Can passive investors make decent money?

My simple question, is it possible for passive investors without too much of a concentrated portfolio make returns to the tune of 20% CAGR?

I’ve read all the usual books referred to here, can read financial statements, although can’t think of the implications of each number and possibilities of the numbers being cooked up. I am an engineer although I have a business degree and read business publications. ( I know what Munger says about business degrees and generally think, he is right in some aspects)

Of course, I should be able to invest in a few mutual funds and forget about it. But I’d like some intellectual challenge to pursue.

When I was pursuing business degree, my professor/coursework emphasized on diversification and technical analysis. Although now after reading about it for about a year, I have learned from the wisdom of VPers that concentrated portfolios and fundamental analysis of undiscovered companies is what creates wealth.

Here is my current strategy:
I have started a few investments in individual stocks starting March 2015, my current portfolio is like a fund.
(Not that I started in the bull market, it was too painful to open a demat account earlier.) I buy a few stocks of every company I’m interested in/hear of, for tracking and further research. I dread paying taxes, so I plan to hold a stock at least for a year and have not sold anything yet, in spite of some of them going down more than 25%. So I know I can control my emotions and can be patient.

After a year, I need to figure out how to sell a few and make my portfolio more concentrated. I have only 2-3 stocks which are at least 5% of the portfolio.

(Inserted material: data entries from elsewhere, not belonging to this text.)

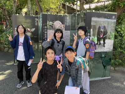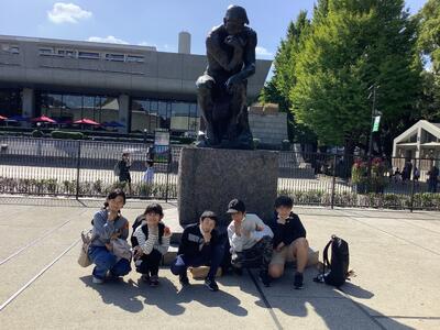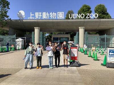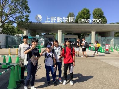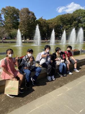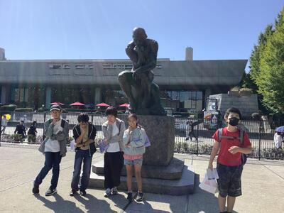 科学博物館前で集合写真をパチリ。お弁当を受け取り、上野公園で班行動スタートです。
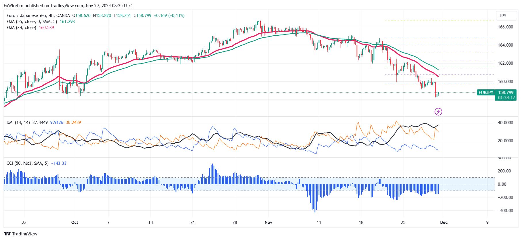 The EUR/JPY pair is trading below the 34 and 55 EMA, as well as the 365 Hull moving average on the 4-hour chart.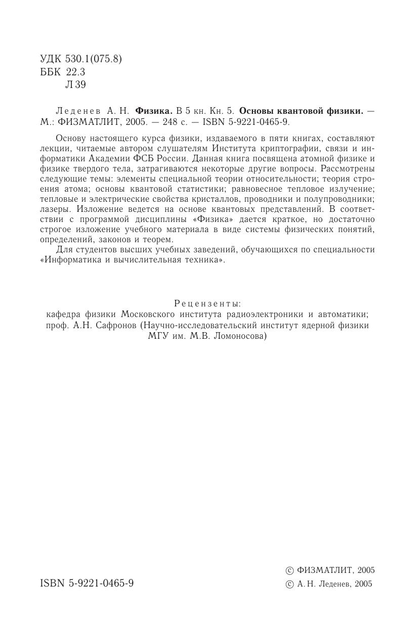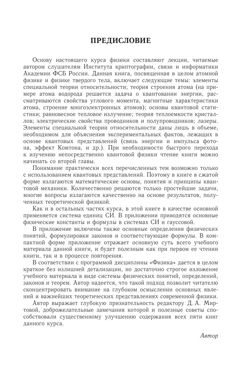 Основу настоящего курса физики, издаваемого в пяти книгах, составляют лекции, читаемые автором слушателям Института криптографии, связи и информатики Академии ФСБ России. Данная книга посвящена атомной физике и физике твердого тела, затрагиваются некоторые другие вопросы. Рассмотрены следующие темы: элементы специальной теории относительности теория строения атома основы квантовой статистики равновесное тепловое излучение тепловые и электрические свойства кристаллов, проводники и полупроводники лазеры. Изложение ведется на основе квантовых представлений. В соответствии с программой дисциплины «Физика» дается краткое, но достаточно строгое изложение учебного материала в виде системы физических понятий, определений, законов и теорем. Для студентов высших учебных заведений, обучающихся по специальности «Информатика и вычислительная техника».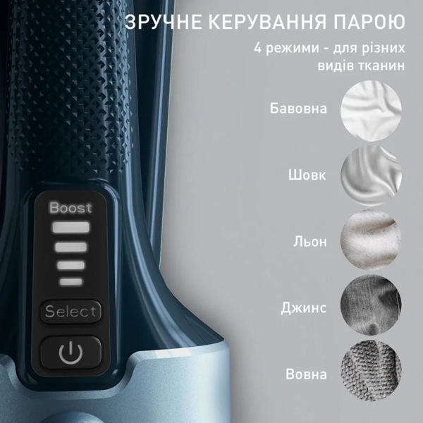 Постоянная подача пара для легкого использования, 4 режима - для любых тканей и комфортного ухода ежедневно.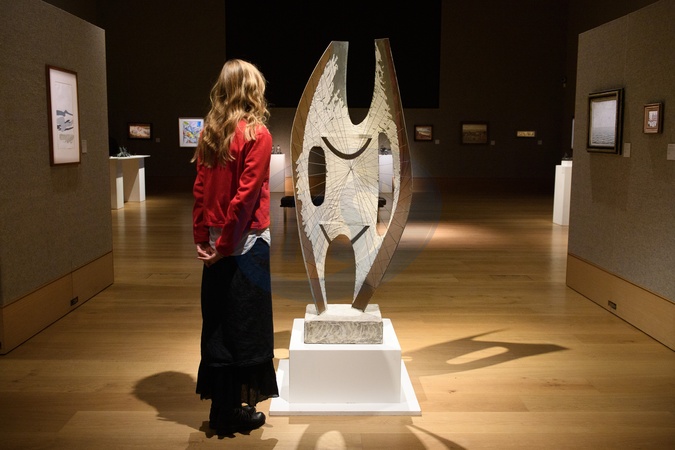 A staff member views 'Winged Figure' by Dame Barbara Hepworth (est. £800k - £1.2m) Conceived in 1957 and fabricated in 1963, this work is number 2 from the edition of 3 which is to go on auction at Bonhams' Modern British and Irish Art Sale on 19th November 2025 at Bonhams in London, England, UK on Monday 17 November, 2025., Credit:Justin Ng / Avalon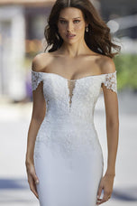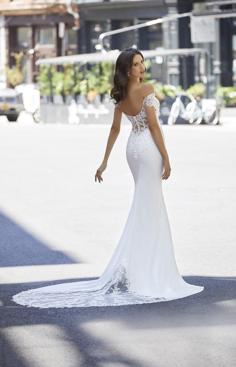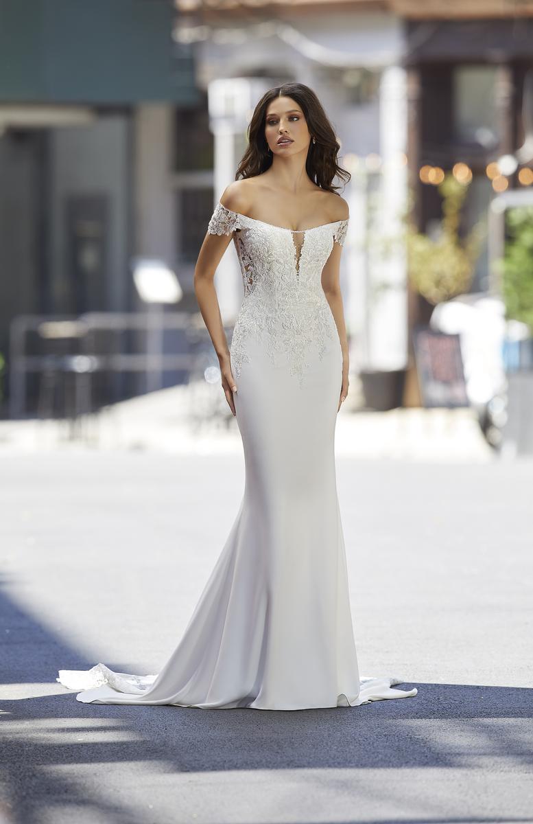 The name of this Morilee Blu Gown is JewelSeductively sleek, our Jewel wedding dress is anything but simple. The shapely sheath gown beautifully hugs all your curves and has a modern off-the-shoulder neckline decorated with blingy beaded trim. The intricate bodice detail continues with delicately beaded, embroidered appliques and sultry sheer plunge. The illusion back is a stunning contrast to the sleek crepe skirt and the cut-away lace train is a romantic touch. Shown in Ivory/Honey.
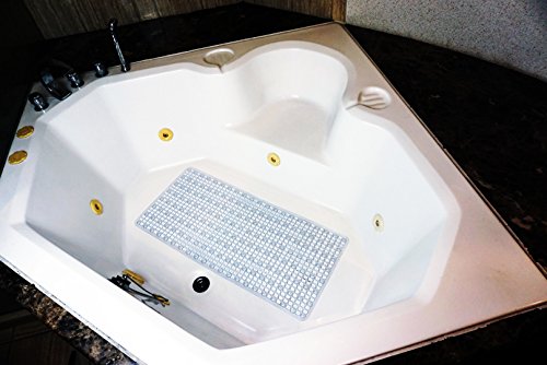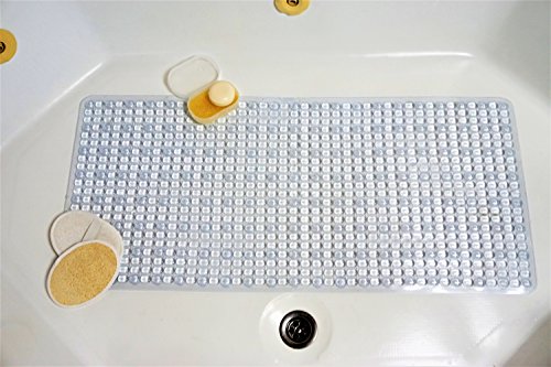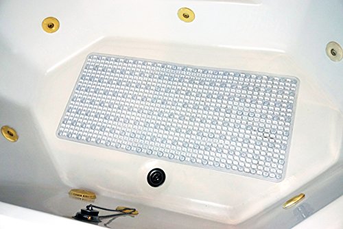 Bath Mat by Tubmats for Tubs: Non-slip, Anti-Bacterial, Non-Toxic, Very Mold Resistant, Draining, Strong Grip, Machine Washable, Massage Textured, Rectangle, Clear, 35''x16''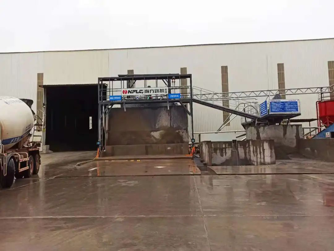 廠區(qū)一角,南方路機(jī)WCRE60設(shè)備一旁地上的漿水罐,具有自動排污清污功能,能有效降低漿水濃度,減輕了人工清理成本。設(shè)有定時攪拌器,定時啟動攪拌器,即可快速將漿水?dāng)嚢杈鶆?,漿水罐有自動排污功能,有效地保障了漿水使用后混凝土的安全性。

With that background, my question is, what is the process I should follow to make 20% annual returns for 15-20 years? I’ve calculated what that amount would be and that would be more than sufficient for my future needs with the amount I’m planning to invest. Do I need a lot of undiscovered companies in my portfolio to get there? Or, subscribing a mutual fund should be enough? Although I’ve started SIPing to MFs, I’d like to pursue some intellectual challenge.

Again, my question is to those of you who’ve been invested for 10+ years/have gone through multiple cycles/have known people who’ve done that. I know the last 20 years have been great for Indian economy. Do you think, will this trend continue and will equity investing create as much wealth as it had in the past?


I am on same boat brother.Trying to figure out but did put some fund in MF for defense/weakness as I am only engineer without any business degree…so thanks to put forward the query.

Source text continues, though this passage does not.